Former President Alvaro Uribe ordered to discredit a witness who had testified the far-right politician founded a death squad in the 1990s, according to leaked Supreme Court transcripts.
The transcripts of a phone call between Uribe (AUV) and one of his assistants, Fabian Rojas, was released by public news program Noticias Uno on Sunday.
In the transcript, Uribe tells Rojas on April 23 to “discredit the testimony” of Pablo Hernan Sierra, one of the surviving members of the Bloque Metro paramilitary group who has testified that Uribe and his brother Santiago founded this death squad.
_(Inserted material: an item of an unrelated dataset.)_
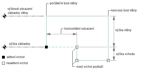 Tento postup slouží k přidání stupně k linii střechy nebo k linii podlahy stěny. Stupeň lze přidat také v tabulce Linie střechy/podlahy na paletě Vlastnosti.

“The testimony obtained by Mr. Diego Cadena is against this gentleman, President,” Rojas responded.
Cadena, a mafia lawyer and Uribe’s fixer, has been caught on tape coercing witnesses multiple times and was accused of bribing “Victor,” a former paramilitary fighter who was expected to testify in favor of Uribe.
The court document additionally said that Rojas and Cadena talked frequently and that in one of the conversations, Uribe’s assistant allegedly made it clear that the former president is aware of the activity of the fixer.
To add to the evidence indicating Uribe’s leading role in the fraud and bribery practices, Noticias Uno additionally released the audio of a wiretap in which Cadena asks Uribe permission to seek judicial benefits for a witness.
Diego Cadena: It’s a review action in court because the gentleman has a 44-year sentence for kidnapping, what I can do…
Alvaro Uribe: “Ah no, a legal remedy must be pursued.”
According to Noticias Uno, this conversation refers to Juan Guillermo Monsalve, the son of the former caretaker of the Uribe family’s Guacharacas estate who confirmed Sierra’s claim Uribe’s co-founded the death squad.
The testimony of Cadena, one of the key figures in Uribe’s alleged fraud and bribery practices, was adjourned on Friday “allegedly for being one of the most extensive,” the news program reported.
The recordings released by Noticias Uno confirmed claims by a source close to the investigation, who told newspaper El Espectador that Cadena always “reported back” to Uribe about his alleged attempts to manipulate witnesses like Monsalve and Victor while he was being wiretapped.
The reported flipping of Victor and the apparent instructions to manipulate the witnesses tying him to the death squad that left 4,000 victims in his home province Antioquia increasingly indicate how much trouble Uribe is in.
Other previously released evidence indicate that, instead of backing down, the former president stepped up his attempts to manipulate witnesses, not even to defend himself against the fraud and bribery charges, but to prevent the case from adding evidence about his allegedly criminal career.
The court opened the criminal investigation after Uribe filed bogus criminal charges against Ivan Cepeda, claiming the opposition senator had been tampering witnessed, and the court found evidence it was the other way around..
The first evidence of the Uribe family’s to organized crime surged in 1984 when the Uribe family helicopter was found in Tranquilandia, one of the cocaine factories of the Medellin Cartel.
Despite mounting evidence of his allegedly criminal ties to the Ochoa crime Family, who founded the Medellin Cartel with slain drug lord Pablo Escobar, Uribe has evaded court for 35 years.
The ongoing trial, however, appears to end this stroke of luck as Uribe will go into history as the first president facing criminal charges before the Supreme court.